Problem. (IMO 1985, Longlisted Problem 25). Find $8$ positive integers $n_1, \ldots, n_8$ with the following property. For every integer $k$, $-1985\leq k\leq 1985$, there are $8$ integers $\alpha_1, \ldots, \alpha_8$, each belonging to $\{-1, 0, 1\}$, such that $k = \sum_{i=1}^8 \alpha_i n_i$.

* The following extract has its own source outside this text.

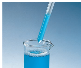
Positive displacement principle

Media which tend to foam, such as tenside solutions, pose no problem to the Transferpettor.

In other words, we need to find $8$ positive integers, such that adding or subtracting them yields every integers in the interval [-1985, 1985].
On
I used the HINT by Mike.
Mike, thank you very much for your HINT.
$\{a_03^0+\dots+a_73^7\mid a_i\in\{0,1,2\}\}=\{0,1,\dots,6560\}.$
So,
$\{a_03^0+\dots+a_73^7-(1\cdot 3^0+\dots+1\cdot 3^7)\mid a_i\in\{0,1,2\}\}=\{b_03^0+\dots+b_73^7\mid b_i\in\{-1,0,1\}\}=\{-3280,\dots,3280\}\supset\{-1985,\dots,1985\}.$
HINT: Let $n_k = 3^k$; $k=0,1,2,\ldots, 7$.